Providing the infrastructure between machine and data scientist opens the door to gaining valuable insights as they happen. This implementation has been developed using docker to allow for a distributed system which not only provides a decoupled, fault tolerant method of building a ETL pipeline, but allows for future developments to be integrated far easier. This blog post will detail how we developed a data processing pipeline using Open source technologies to process publicly available data (https://www.kaggle.com/c/new-york-city-taxi-fare-prediction/data). The code is available on our Github (https://github.com/akquinet/nyc-taxi-streaming) to play around with. You can even adapt the pipeline for your own purposes easily due to the distributed architecture of the pipeline!

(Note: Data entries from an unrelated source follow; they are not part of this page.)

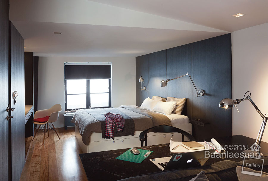 หัวใจของที่นี่ไม่ใช่ส่วนรับแขกอย่างที่เราคุ้นเคย แต่เป็นครัวที่ตั้งใจออกแบบให้ต่อเนื่องเป็นพื้นที่เดียวกับส่วนรับประทาน อาหาร เน้นการใช้งานจริง ตั้งโต๊ะกลางขนาดใหญ่ที่นอกจากจะใช้รับประทานอาหารแล้ว ยังปรับเป็นมุมทำงานสบายๆ มุมประชุมงานเมื่อจำเป็น หรือพื้นที่อเนกประสงค์ จึงเป็นมุมที่คุณต้นและคุณอ้อชอบมากที่สุดในบ้าน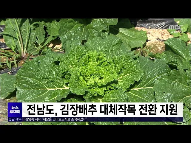 전라남도는 김장용 배추 수급 안정을 위해대체작목 전환을 지원합니다. 전라남도는 사전에 신청받은 해남과 진도 등 11개 시군 317헥타르에 보리와 밀, 유채 등의작물 재배를 유도하기로 했습니다. 지원금은 현장 확인 등을 통해헥타르당 450만 원이 지급될 예정입니다.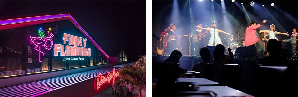 生演奏とともに“食べて・聴いて・踊って”五感で楽しめるオールディーズライブ&ダイニング「Funky Flamingo(ファンキーフラミンゴ)」でのパーティープランです。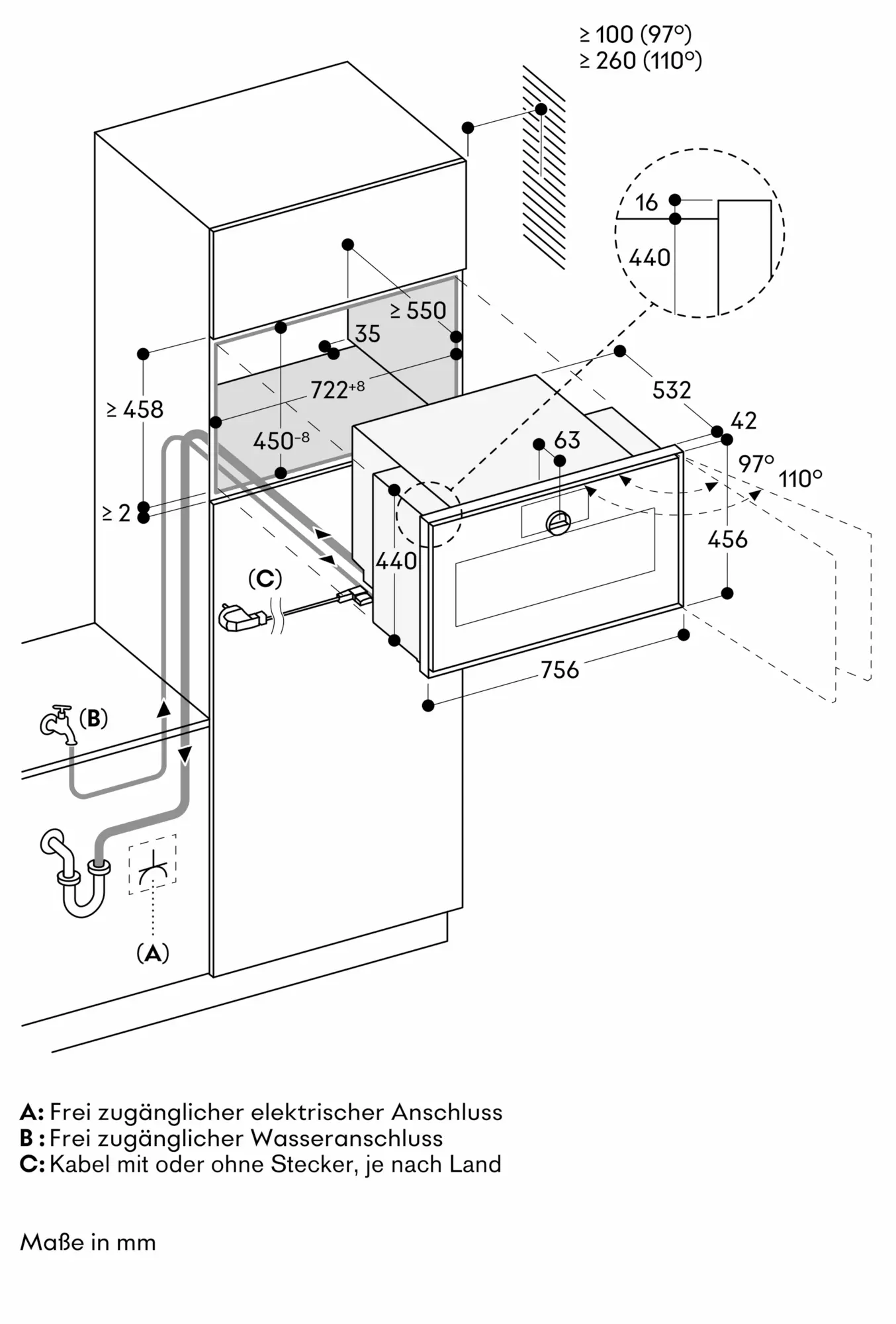 Anschlussdose muss zugänglich sein und außerhalb der Einbaunische vorgesehen werden.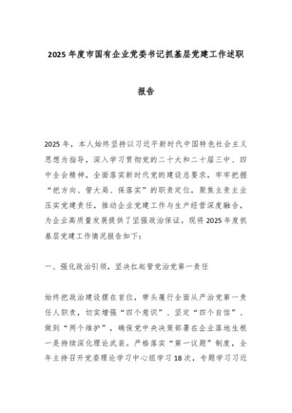 【七哥公文】2025年:2025年度市国有企业党委书记抓基层党建工作述职报告_副本+更多免费公文+VX:QiGeGongWen2024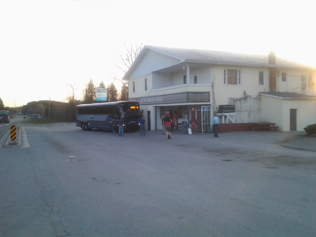 You need to know that the buses were ALWAYS full. Two sometimes three at a time would stop at the Tweed Esso station, the Log Cabin restaurant or the Trenton ONroute. Weary travellers would pour out from the buses to pee, smoke and eat. Public travel on the bus was never roomy. It was cramped, long and sometimes uncomfortable. If you were lucky you had the seat next to you for yourself. That rarely happened.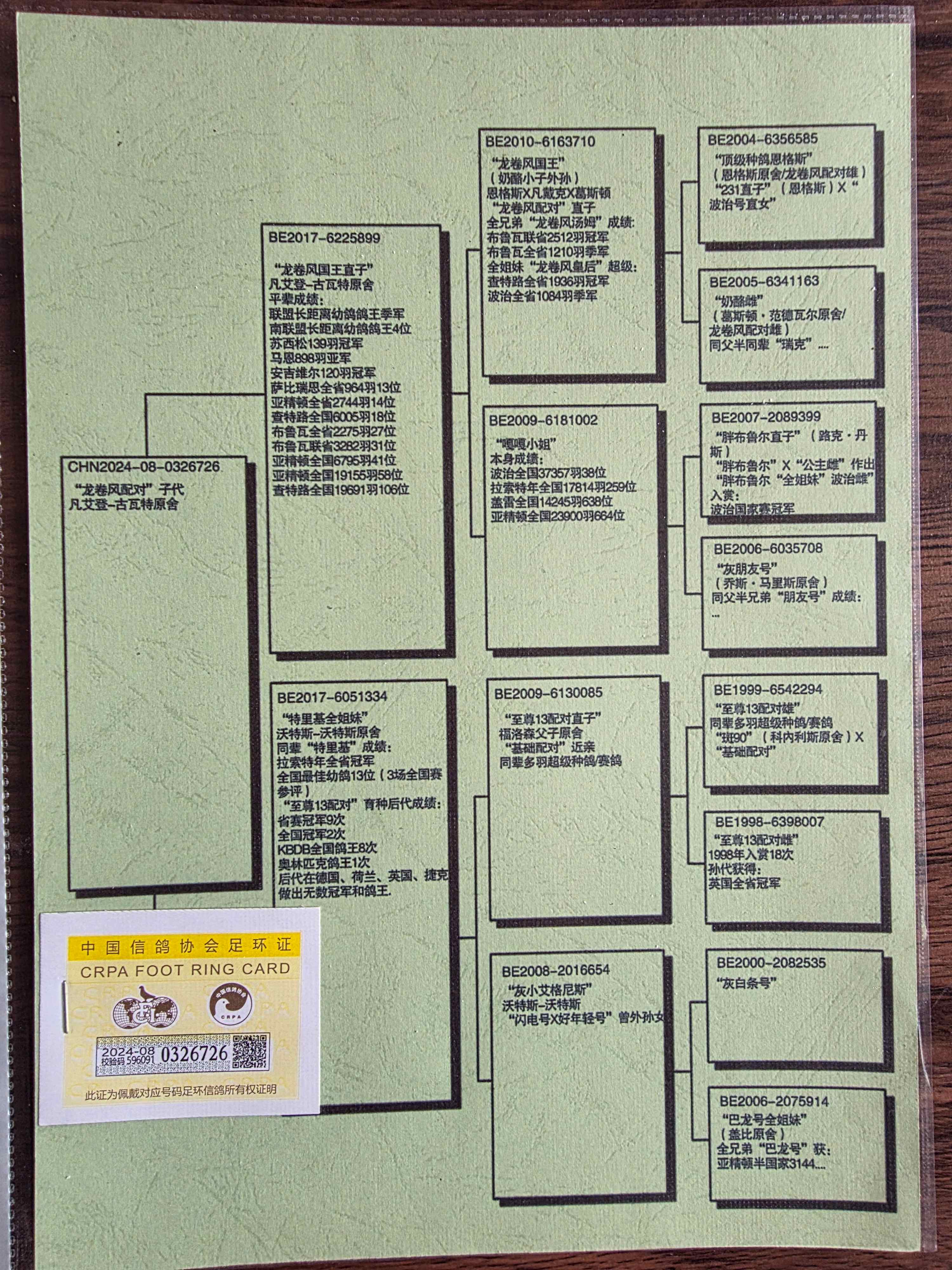 - 当前查看拍卖鸽:血统:“龙卷风配对”子代凡艾登一古瓦特原

The Data set used is the New York city taxi data. It can be found here → https://www.kaggle.com/c/new-york-city-taxi-fare-prediction/data. The New York city taxi fare prediction training set was used. The data is collected from all Taxi Fares in New York over a given period. The data points collected are:
|pickup_datetime||Timestamp of when the taxi ride began.|
|pickup_longitude||The longitude coordinate of where the taxi ride began.|
|pickup_latitude||The latitude coordinate of where the taxi ride began.|
|dropoff_longitude||The longitude coordinate of where the taxi ride ended.|
|dropoff_latitude||The latitude coordinate of where the taxi ride ended.|
|passenger_count||The number of passengers in the taxi ride.|
The goal we wanted to achieve was a fast pipeline that would take the raw data and filter out logged taxi trips that occurred outside of the New York area, and then to enrich the data by adding a Geo Point object to work with Kibanas mapping visualisation. The Pipeline needed to be fast and fault tolerant, while providing a decoupled architecture to allow for new modules to be added as needed. With these specifications in mind the following Architecture was decided upon.
Working with tools we were familiar with we decided to use Springboot as our application framework allowing us to easily work with Maven and Docker. The system would be built using Apache Camel, an EIP framework to provide the routing and integration of the various modules. Each module would use Kafka streaming as a Pub/Sub messaging service to send the data between the modules.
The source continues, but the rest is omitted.